Freud's first line, when he is bewildered by the Phone Booth's presence: "This is a dream?" Dream interpretation is a key tool in psychoanalysis, which Freud created.
Joan sees the Phone Booth appear in front of an altar while she was praying. She probably thought Bill and Ted were angels there to take her to heaven. Note that the real Joan of Arc claimed to have talked to angels.
Lincoln acts surprised when the camera flashes as he's getting a portrait. In Lincoln's time, photography required a long period of calibration and the subject standing perfectly still. He no doubt was startled that the picture was taken instantly.
Billy's casual demeanor and smirk when he is being interviewed by the San Dimas Police. He'd been to jail a few times at this point in his life, and escaped every time. Surely he was confident he could do it again.
Napoleon gets into "Waterloo" (a stealth pun on its own) because he walks through the turnstile in the middle of a group of kids. Napoleon has a famous (though untrue) reputation for being short.
Socrates is understandably astonished at the first few stops he makes with the group, but none more so than the brief trip to the future... where they arrive in a palace-like structure with metallic walls and a group of robed figures seated on floating thrones. He must have thought they had traveled to the abode of the gods on Mount Olympus!
After misidentifying Joan of Arc as "Noah's wife", Bill and Ted wonder aloud "Then who was Noah's wife?" This is actually a very good question in itself, because (like many Biblical wives) she is nameless in the text, having few identifiable qualities beyond being the wife of Noah.
The movie lampshades the illogical nature of time-paradox causality loop from the start:
```Bill:``` ... Wyld Stallyns will never be a super-band until we get Eddie Van Halen on guitar. ```Ted:``` Yes, Bill, but... I do not believe we will get Eddie Van Halen before we have a triumphant video. ```Bill:``` Ted, it's pointless to have a triumphant video before we have decent instruments. ```Ted:``` Well, how can we have decent instruments if we don't really even know how to play? ```Bill:``` That is why we need Eddie Van Halen! ```Ted:``` And that is why we need a triumphant video! ```Both:``` [think for a second] EXCELLENT! (guitar riff)"

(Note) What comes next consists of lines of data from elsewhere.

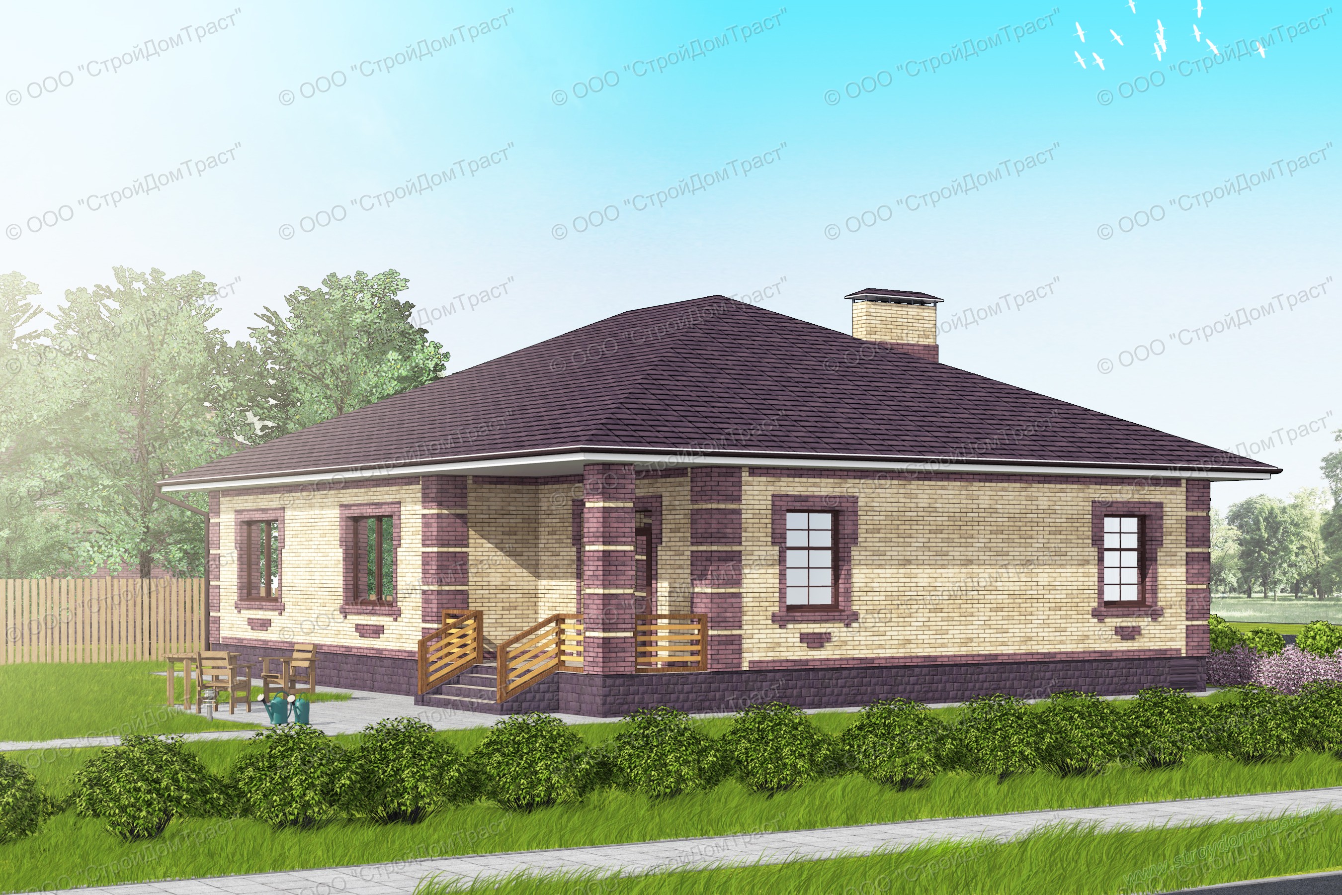Стены дома отделаны облицовочным кирпичом двух контрастных цветов, образующих узор в классическом стиле. Широкий выбор цветов этого отделочного материала открывает простор для фантазии и позволяет придумать сотни вариантов оформления фасада дома. Вальмовая крыша придает дому уютный вид.
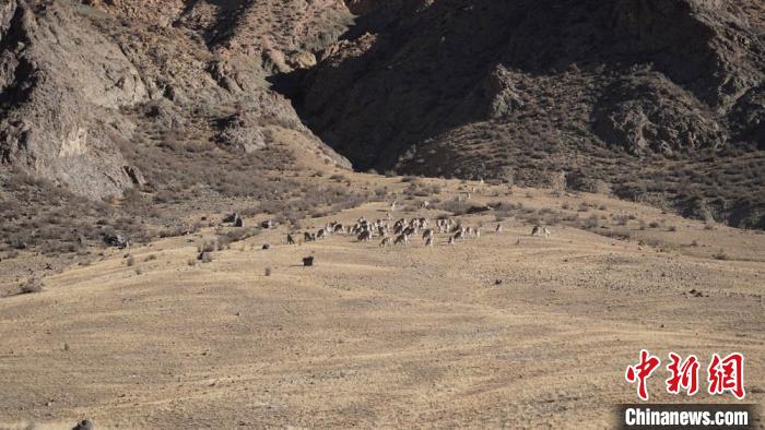 12月中旬,在地處祁連山區的甘肅肅南縣祁豐藏族鄉吊達坂附近,肅南縣融媒體中心記者拍攝到數群巖羊在公路旁的山坡上悠閑覓食。據目測,此次拍到公路旁覓食巖羊約有200多只。巖羊是國家二級重點保護野生動物,體型中等,形態介于野山羊與野綿羊之間。巖羊具有極高的攀巖技術,可以在絕壁上自由跳躍,一跳可達二三米,因此也被稱為“巖壁上的精靈”。近年來,肅南縣深入推進祁連山國家級自然保護區生態文明建設,加強保護區管理,實施退牧還草等措施,當地生態環境逐步改善,民眾保護意識不斷增強,使得當地野生動物數量逐年增加。
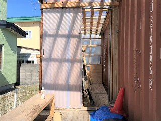 終わってから色々な話しをし、「材料あるんでしょ。入口のサイディングも、やっちゃるよ」なんて言ってくれました。
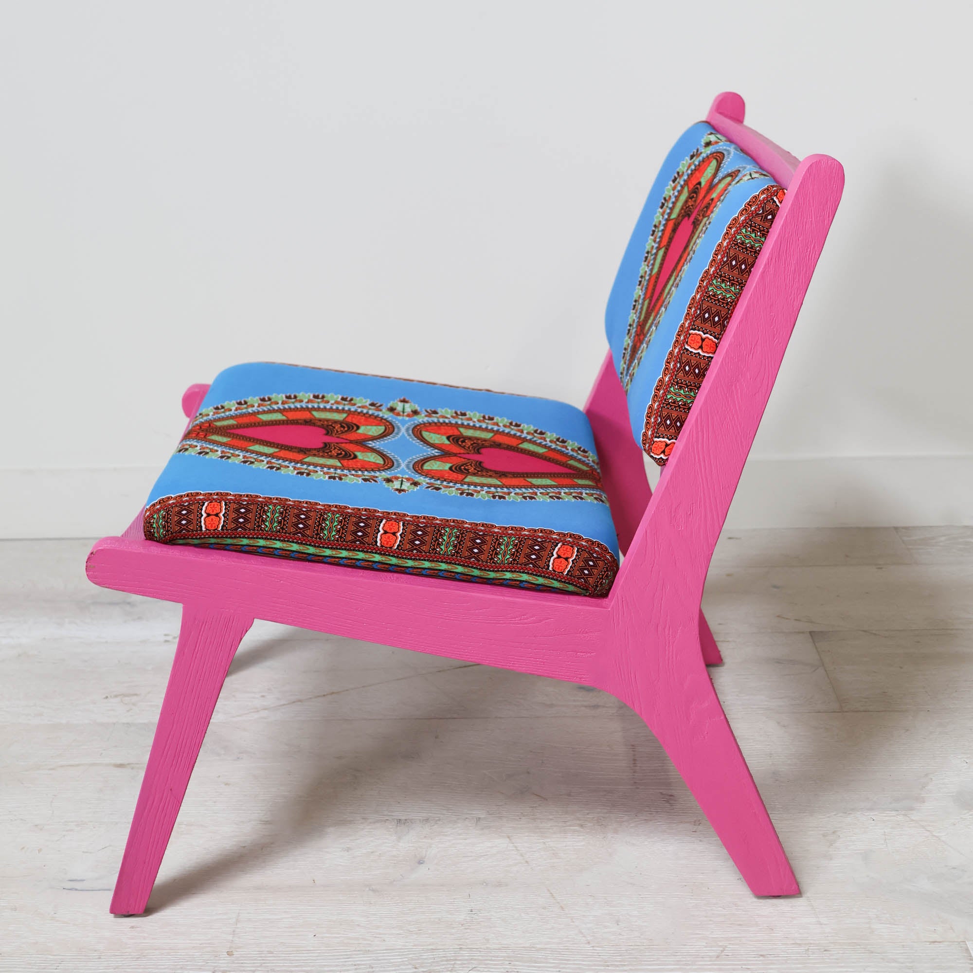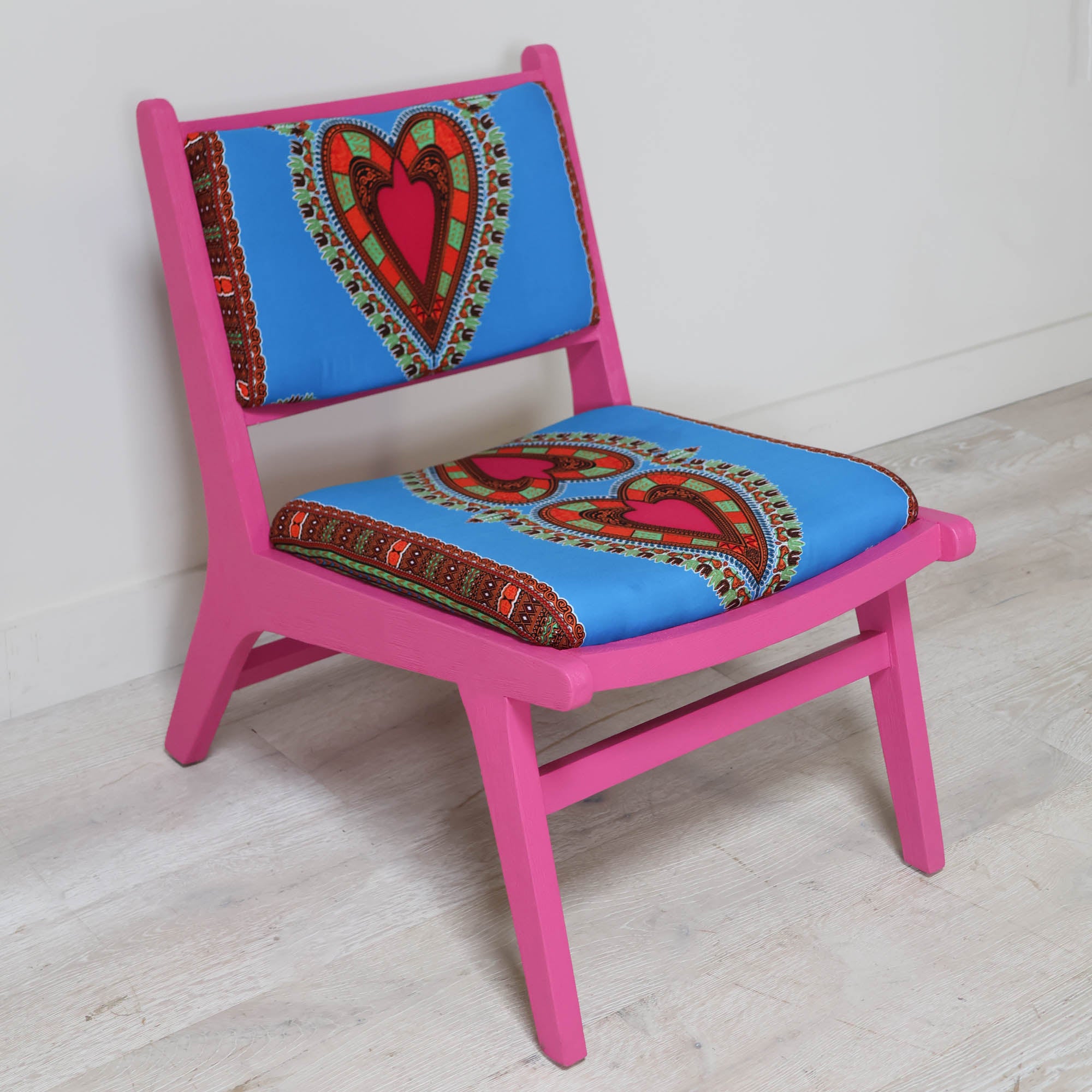 Pink Wooden Chair with Heart Upholstery

The dialogue parallels the inherent problem in the time-loop:
To do their history report, Rufus had to help them For Rufus to exist, Bill and Ted had to do their history report Bill and Ted did their history report and Rufus helped them with their history report
Joan of Arc, Abraham Lincoln, Billy the Kid and Socrates were all executed or murdered, yet Bill and Ted happily send them back to their own time in the end. One wonders whether the boys did enough studying to even find out about the grim fates awaiting many of their new friends.
In one of the comics, Bill and Ted discovered that Abraham Lincoln was murdered shortly after they returned him back to his time after the end of the film. They went back to stop it and it ended up changing history in a poor way. After they corrected the change they made, Death informed them that Abraham ended up in Heaven and is happy there, learning that Death is an inevitable and a part of life (be it the past or the future). But, if that's not of an explanation for everyone else, you can use the below.
They know they're all dead. Bill himself clearly knows this, as when asked about who Napoleon was at the start of film, his only response was, "He's dead." To which the teacher responded, "So, you're telling me that history is full a bunch of old, dead dudes?" Since the past is the past, Bill and Ted both know that they're no longer alive in their time, and they understand that is how life is.